Mount Sinai’s paper suggests not reliably. Alerts appeared inverted relative to clinical risk, and the most explicit expressions of intent sometimes failed to prompt the strongest responses. OpenAI stresses iterative improvements, but clinicians and families are rightly asking whether iterative patches are enough for life-or-death situations.

On my phone, the OpenAI report flashed a staggering reach: tens of millions asking health questions daily.

OpenAI reported more than 40 million people globally used its chatbot daily for health questions; 7-in-10 of those health conversations happened outside normal clinic hours, and on average more than 580,000 U.S. healthcare inquiries came from “hospital deserts” — places more than a 30-minute drive from a general medical or children’s hospital. Those numbers show why the stakes matter.

Regulators have been permissive: some AI tools can renew prescriptions in Utah, and FDA Commissioner Marty Makary has said certain devices and software may provide health information without FDA oversight. That regulatory latitude is letting AI burrow into care delivery quickly — but access and convenience don’t erase documented physical and mental health risks when the systems misjudge acuity.

How accurate is ChatGPT Health?

The system can spot classic emergencies, but Mount Sinai’s controlled scenarios revealed consistent blind spots in nuanced emergencies and mental-health risk assessment. OpenAI points to real-world follow-ups and ongoing safety work as mitigating factors, but the study intentionally tested first-response triage — the crucial moments before a clinician or emergency operator can intervene.

In conversations with clinicians, I keep returning to one practical question: what should you do?

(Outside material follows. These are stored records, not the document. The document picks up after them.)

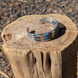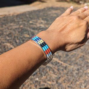 Discover the Timeless Elegance of our Zuni Native American Sterling Silver Multi Stones Inlay Bracelet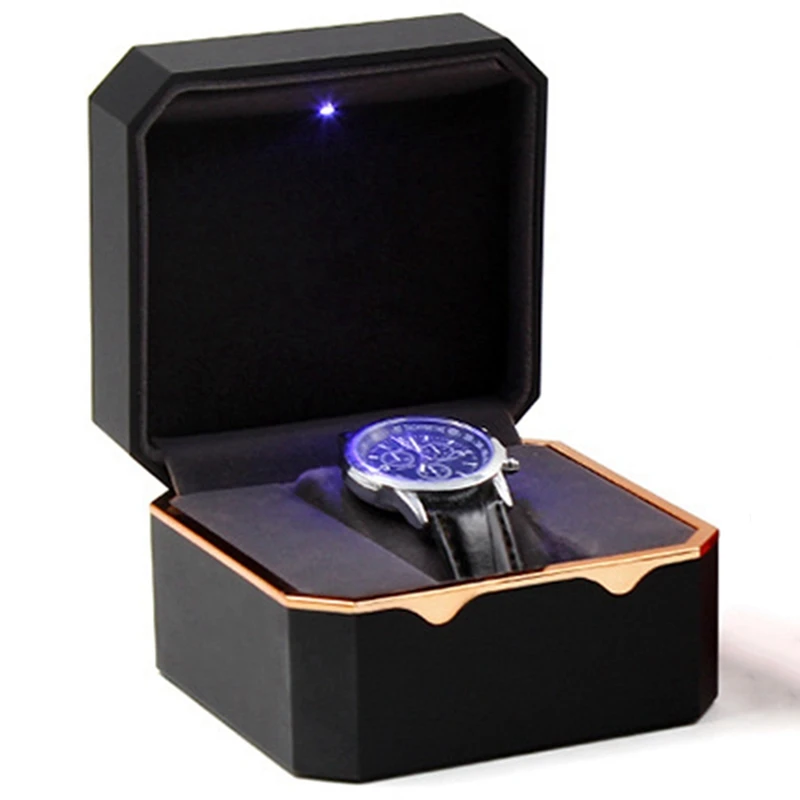"Watch Box With Octagonal Gold Edge With Light, Paint Watch Storage Box, Watch Box, Watch Box" * Buy Now With Free Shipping Just For $11
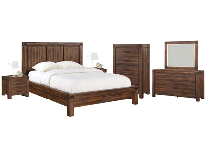 The Modus Meadow 6PC Cal King Platform Bed Dresser Mirror Two Nightstand Chest Bedroom Set In Brick Brown. The Meadow collection is rugged durability and contemporary styling defined. Crafted from solid Acacia, its sleek lines showcase naturally occurring knot, grain and color variations inherent to the timber. Rustic wire brushing and a heavily glazed Brick Brown finish result in a perfect balance between modern and rustic.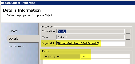 I will now use the second Activity from the Microsoft SCSM OIP to update the Support Group attribute to the desired Tier. To specify the GUID I use Published Data from the “Get Object” Activity. Then, I choose the “Support Group” attribute and select the Tier from the list.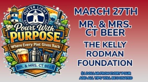 Our third Pours With Purpose night is coming up, and this one is going to be a special one. Join us Friday, March 27th from 5–9 PM as Kevin and Mr. & Mrs. CT Beer step behind the bar to pour for a cause.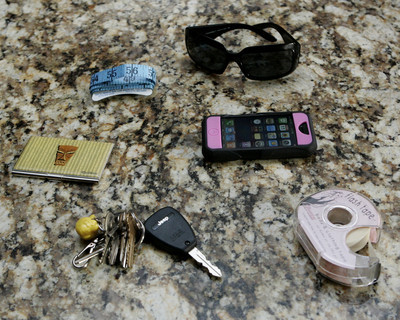 • What's in your handbag? Clockwise from top: Chanel sunglasses, iPhone, flash tape for body and clothing, keys with Tarina Tarantino Hello Kitty, Shag business card holder and a tape measure.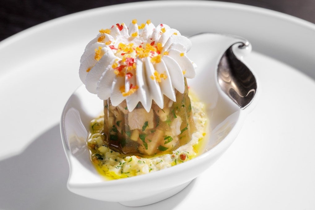 ブルゴーニュ地方で春に行われるイースター祭のお料理として発祥し、現在はブルゴーニュ地方の郷土料理でもあるハムとパセリのゼリー寄せ「ジャンボン・ペルシエ」をご用意いたしました。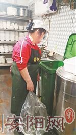 当天上午,在富泉街,河南治力环保科技有限公司的收运工查希成像往常一样开始收集沿街饭店的餐厨垃圾。他把饭店里的垃圾桶运出,在随身携带的安阳市餐厨垃圾收集运输车辆日报表上填写产生垃圾的饭店名称、产生数量以及收运日期、时间等。记者翻看了这本日报表,仅5月7日一天,查希成就收运了120多家饭店的餐厨垃圾,每家饭店产生的垃圾量不等,多的50多千克,少的30多千克。在富泉街与兴泰路交叉口附近的一家火锅店内,正在备菜的一位工作人员告诉记者:“有时候一天才有半桶垃圾,量大的时候就一天一清运,量少的话两天清一次。”查希成说:“饭店垃圾的产生量从周一到周末呈现递增的过程,不管量大量小都要运完。”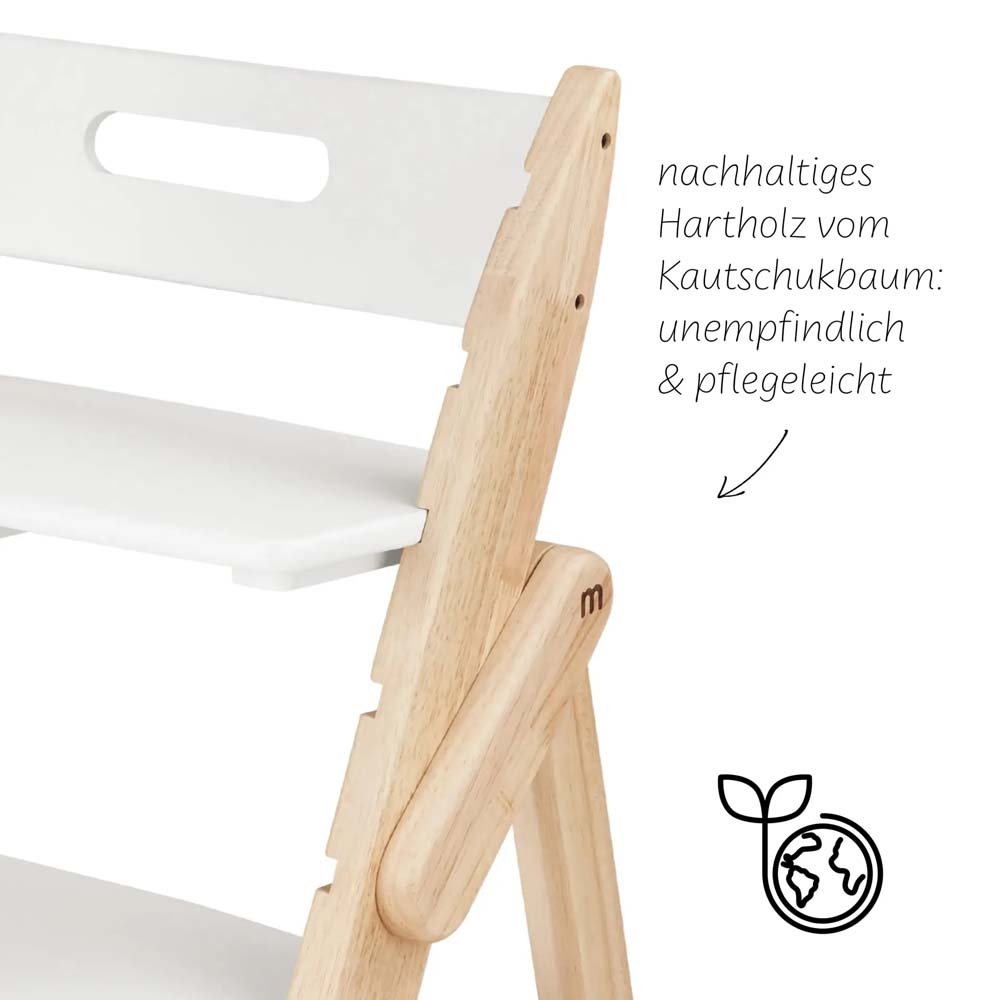Стілець YIPPY, звичайно, незамінний у великому наборі аксесуарів. Він забезпечує стійку поверхню та ідеально підходить як обідній або ігровий стілець. У поєднанні з сидінням YIPPY він допоможе вашій дитині навчитися їсти та грати самостійно. У разі забруднення гладку поверхню можна легко протерти.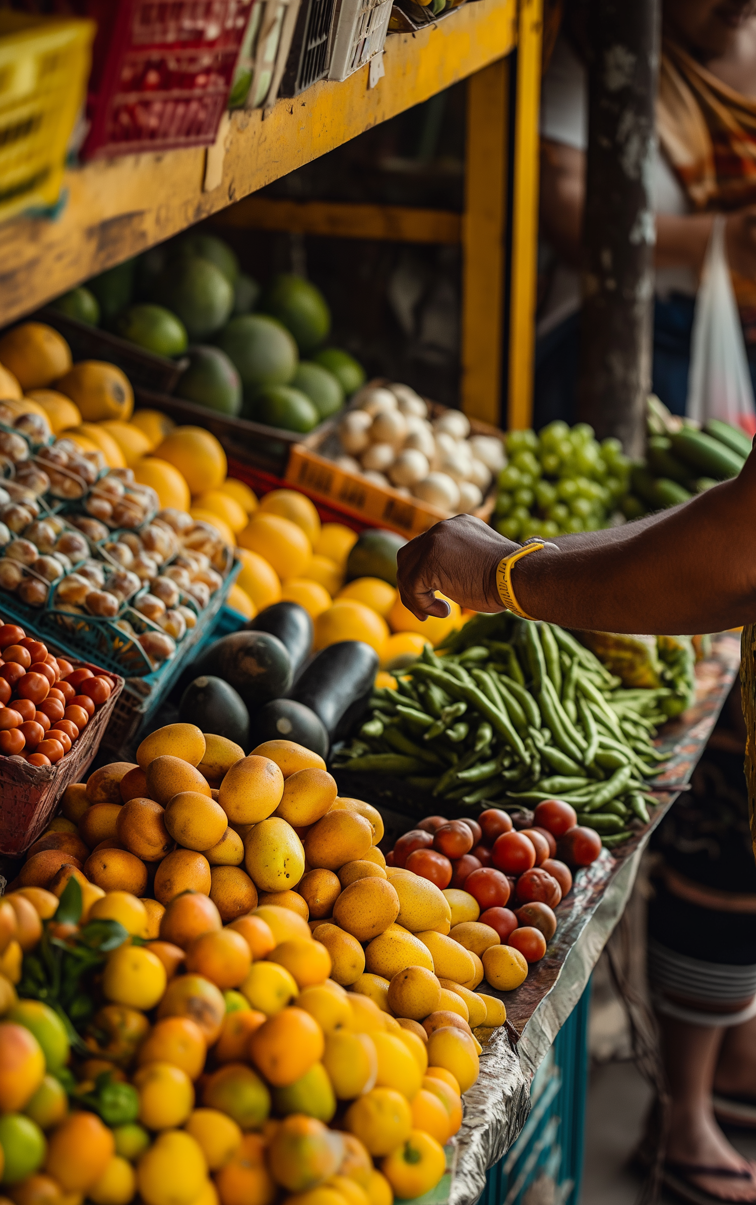 Colorful market stall with fresh mangoes, tomatoes, and green beans. A shopper's hand reaches for produce, adding life to the scene.

If you suspect someone has an emergency — shortness of breath, chest pain, severe altered mental status, signs of ketoacidosis, or explicit suicidal intent — trust human-led emergency pathways first. Use AI as a guide, not a gatekeeper. Hospitals, public-health agencies, and developers like OpenAI must confront these gaps with faster, transparent fixes and real-world testing that mirrors how people actually use the tools.

Mount Sinai’s study is a warning: millions are turning to chatbots for health answers, but a single under-triage can mean lost minutes and worsened outcomes. Will regulators, hospitals, and developers move quickly enough to match the speed at which people are handing their symptoms to code?